宴苏想不通,许寒星也没再提出什么猜测,两人聊了一会儿就累了。
“我们休息吧,”宴苏说,“现在确定不了他们究竟是在做好事还是做坏事,只能先慢慢观察。也不知道今晚会不会出事,提前睡会儿吧,养精蓄锐。”
“嗯,好。”许寒星顺从应道。
许寒星就先去洗漱了,两人出来得很匆忙,睡衣都没带,于是今晚也只能简单刷刷牙洗洗澡。洗完出来的时候,许寒星身上穿的还是自己的衬衫裤子,没换酒店给准备的浴袍。
“万一夜里有情况,这样睡比较方便……”见宴苏眼睛目不转睛看着他,许寒星下意识地解释了一句。
“我知道,我是觉得,你现在这样很好看,”宴苏说着,还走近过来,轻轻嗅了嗅,补充道,“而且又很香。
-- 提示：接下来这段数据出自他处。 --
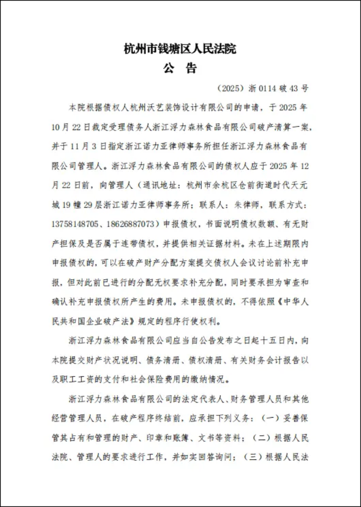 根据公告,杭州市钱塘区人民法院已于2025年10月22日裁定受理浙江浮力森林食品有限公司破产清算案。债权人需在12月22日前向管理人申报债权。这家曾是杭州本土烘焙标杆的品牌,最终走完了从快速崛起、资本高光到扩张受挫、信任崩塌的全过程。
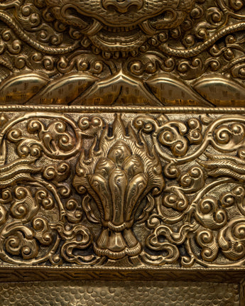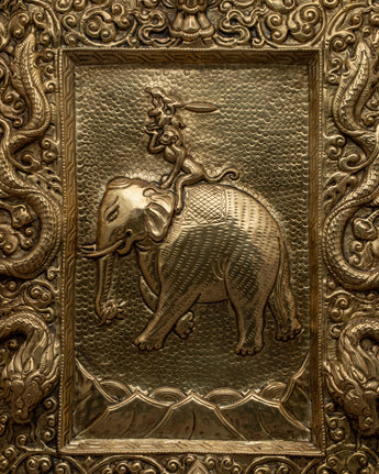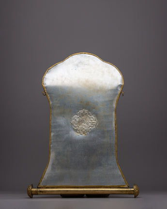 A metal thangka is a type of thangka painting that is made on a metal surface rather than on traditional canvas or paper. Metal thangkas are often made using copper, brass, or silver and are usually decorated with intricate designs and Buddhist iconography using a technique called repoussé. This involves hammering the metal from the reverse side to create a raised relief image on the front. Metal thangkas are known for their durability and are often used in ritual contexts or as decorative pieces in Buddhist homes and temples. They are particularly common in Tibet, where they have been produced for centuries.
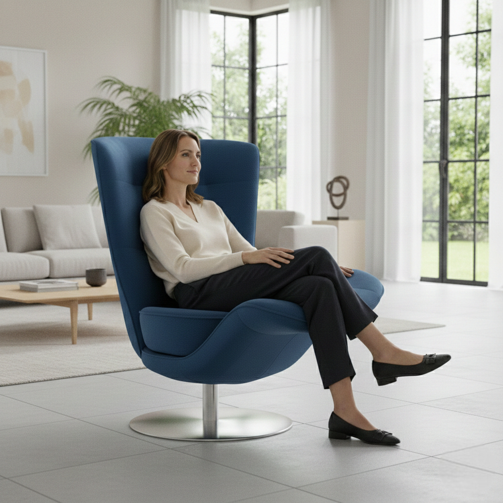 הצורה המעוקלת, התנוחה היציבה והתחושה העוטפת יוצרים אפקט "נשיפה" עדין — כאילו הגוף נרגע עוד לפני שהמוח מספיק להבין מה קורה.

”
之前许寒星第一次在宴苏家留宿时,就被夸过洗澡后好香,此时在这里,刚用完酒店提供的洗漱用品就又被夸,显然只是因为那些东西比宴苏家里的沐浴露更香。
但即使心里清楚原因,骤然被宴苏眼中带笑地凑近,还超近距离听这种话,许寒星一下又红着脸僵在了原地。
“你先睡吧,今天开那么久车肯定很累了,我会盯着外面动静的。”宴苏说,然后又多看了几眼从头到脚都充满清纯水润感的许寒星,才越过他,走进浴室。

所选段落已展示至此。